Beh, in effetti da noi una cura obbligatoria c'è: se fai un figlio lo devi vaccinare. Ma se proprio tu non volessi sottostare al "fascismo della nostra epoca" potresti portarti il figliletto piccolo in uno dei tanti paesi "liberi" dove alcune di quelle malattie contro le quali ci vacciniamo esistono ancora e dove non ci sono nemmeno i vaccini. L'importante è portarti la tisana e vedrai: tutto andrà per il verso giusto.

Pat pat ha detto...

Io non sostengo che la scienza sia infallibile ma neppure che sia il moderno fascismo.
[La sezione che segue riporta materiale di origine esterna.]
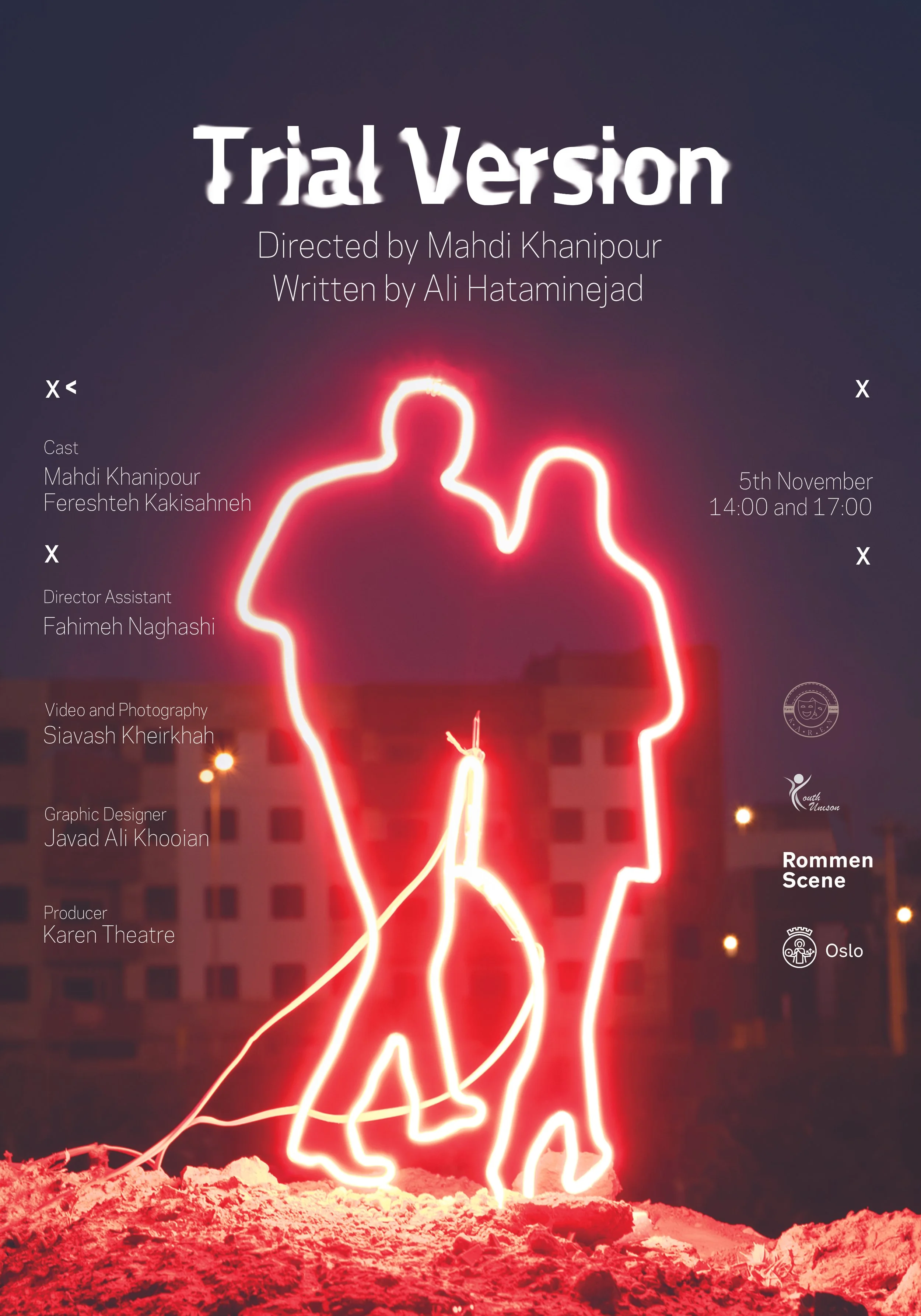 First: It all started with a picture. The picture of Pripyat city in Ukraine, a city attached to the Chernobyl Nuclear Power plant. The city that had been desolated due to the explosion of nuclear power plant and it is still empty. The pictures indicate a human catastrophe. A dynamic city which is now looks like a ghost town. The idea of writing about empty cities seemed appealing to me and became even more appealing when I thought about two people who happened to be a couple, live in such a city. A two person city; and it is not known where the others are ... in my opinion The situation and the idea were attractive, therefore the process of writing the play began in early 2017 with mentioning of this important question: “What is the reaction of the two to this action?”but the key to the adventure, is somewhere else; The key is in society and social coexistence.

L'industria farmaceutica si è indubbiamente macchiata di qualche inefficienza e forse è stata troppo frettolosa nel voler mettere sul mercato farmaci che poi si sono rivelati inefficienti o letali, ma appunto stiamo parlando allora di INDUSTRIA farmaceutica, non ricerca, non scienza, si parla di produttori che si inseriscono nel mercato globale al miglior prezzo possibile, sempre alla ricerca della nicchia ancora insoddisfatta di mercato. È necessario fare le dovute differenziazioni, se la chemio non ti cura il cancro non vuol dire che sia la chemio ad essere obsoleta. Prima di tutto non si può parlare genericamente di chemioterapia visto che al giorno d’oggi ce ne sono di differenti tipi, tutte specifiche rispetto a diversi tipi di malattia, ma l’elisir di vita eterna non l’ha ancora inventato nessuno. Sta di fatto che le percentuali di guarigione in caso di tumore sono aumentate vertiginosamente negli ultimi anni, questo non vuol dire però che siamo diventati invincibili, non significa che se domani scopri che hai il cancro decidi di prenderti tre mesi di ferie e poi magari fai un salto all’ospedale e il giorno dopo ricomincia tutto daccapo.
Poi se si sta parlando di inefficienza del sistema ospedaliero, allora entriamo in un argomento altrettanto specifico, ma la scelta di un tema individuale da trattare in questi casi è doveroso, non si può dire che la medicina è il moderno fascismo se ci si trova di fronte a problemi di malasanità, oppure se semplicemente nel nostro caso non ha potuto fare nulla (non sarebbe scienza ma un dio onnipotente), o se semplicemente gli effetti collaterali del farmaco hanno causato dei peggioramenti nello stato di salute di un paziente. Se la scienza avesse la bacchetta magica probabilmente avrebbe trovato il sistema di prolungare indefinitamente la vita di ogni essere umano, e sicuramente in molti ne avrebbero usufruito.

meangirl ha detto...

Anonimo, quando sarai malato di qualcosa spero che crepi della tua malattia dato che della medicina non ti fidi affatto.
Se ora la medicina che critichi tanto non si fosse messa all'opera da qualche secolo, è probabile che oggi saresti morto con un normale raffreddore.
Poi, se preferisci pagare quei maghi che dicono di curarti attraverso miracoli... fai pure...

Daniela ha detto...

come è andato l'incontro? E' stato interessante? C'era gente?